Pound and season: If using chicken breasts, pound to even thickness (about 3/4 inch) for quick, even cooking.
Pat dry. Season both sides with salt and pepper.
Mix the sauce: In a bowl, whisk together Dijon mustard, honey, broth, Greek yogurt (or olive oil), lemon juice, apple cider vinegar (if using), garlic, paprika, and red pepper flakes. Taste and adjust honey, lemon, and salt as needed.
You’re aiming for tangy-sweet with a smooth finish.

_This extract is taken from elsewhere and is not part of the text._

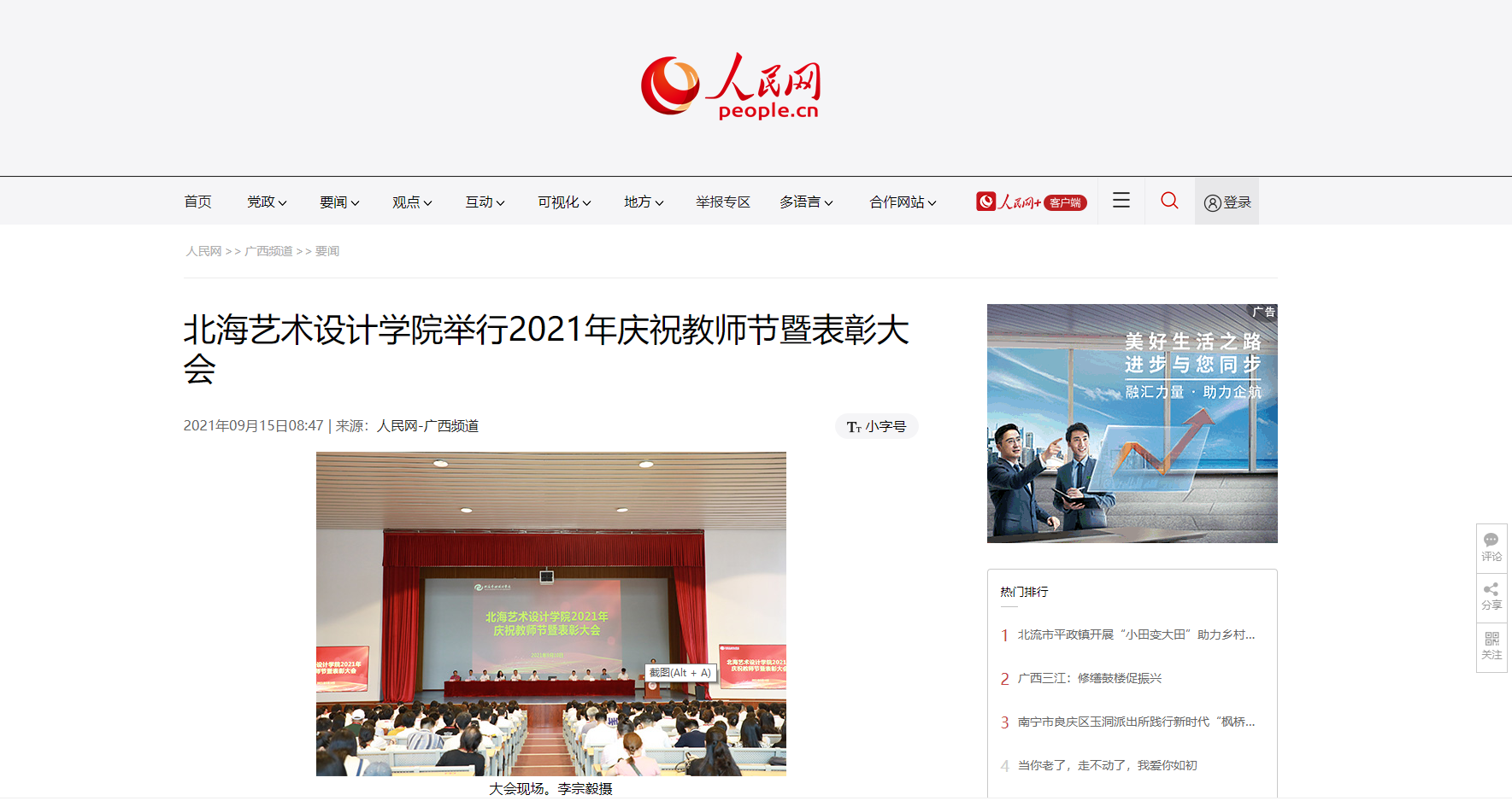 人民网:北海艺术设计学院举行的2021年庆祝教师节暨表彰大会

Sear the chicken: Heat 1 tablespoon olive oil in a large skillet over medium-high heat. Add chicken and sear 2–3 minutes per side until golden. Don’t cook through yet; just build color.
Deglaze and simmer: Reduce heat to medium-low.
Pour in the sauce and use a spatula to scrape up the browned bits. Spoon sauce over the chicken and let it simmer gently for 6–10 minutes, flipping once, until the chicken reaches 165°F (74°C).
Rest and thicken: Transfer chicken to a plate to rest 3 minutes. If the sauce is thin, let it bubble for 1–2 minutes to thicken slightly.
If it’s too thick, add a splash of broth.
Finish and serve: Return chicken to the pan and coat with sauce. Garnish with chopped parsley or chives. Serve with steamed broccoli, roasted sweet potatoes, rice, or a crisp salad.